I can feel my heart getting heavier. Sparks are running through my veins. Words are lining up at the tip of my tongue like an overfilled trashcan ready to spew out.
I’m fuming with anger. It’s not the kind of anger that’s holding back my tears. And it’s not the kind of anger that’s planning my revenge. It’s not the kind of anger that’s forcing me to make a decision full of regrets.
No. It’s the kind of anger making me put my foot down. And it’s the anger that’s encouraging me to leave. It’s telling me I’ve had enough. It’s the anger that’s inspiring me to make a change, to let go, to take a step toward the right direction.
This anger is forcing me to leave behind what I’ve always been too scared to let go of. It’s making me realize that I deserve better. It’s giving me the courage to say no. Reaching this degree of anger is shifting my perspective. It’s taking me from “I need this” to “I don’t care.” It’s giving me resilience to cut the chains that have been binding me.
And it took only one sentence, one moment will trigger this change of energy. It hit me like a gust of wind, knocking me off my feet. But instead of letting it defeat me, this anger is pulling me up.
It’s giving me an epiphany that has always been so obvious. It’s showing me that I’ve been showering my love on things that never deserved a second chance.
This anger isn’t taking over my being, no. It’s not reminding me to take a step back. And it’s gravitating me toward a resolution.

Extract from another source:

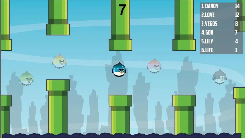 Flappy io - 看似简单的游戏,画面却非常精美,多人在线游戏,你需要牵着一只挥舞着翅膀的小鸟,在管道之间,毫发无伤,超越所有对手! 你按下屏幕,小鸟发出一声哨子,一点点飞起来,然后开始落下。 但是,如果您在起飞或高峰时至少触摸了一点绿色或白色的管道,那么一切都将不得不重复。 游戏中有4张牌: -早晨 -晚上 -创意日 -秋天的晚上 如果你飞近 - 不要生气,因为即使得几分也不是那么容易

It’s not setting my surrounds on fire. It’s cleansing my mind, giving me a chance to think straight for the first time in months.
We all have a threshold of how much pain we can handle before we demand, “it’s over.” My threshold has been reached, my strength rising above it.
And if you are fortunate enough to experience it as I have:
You will pick yourself up.
Walk away from the pain.
And never look back.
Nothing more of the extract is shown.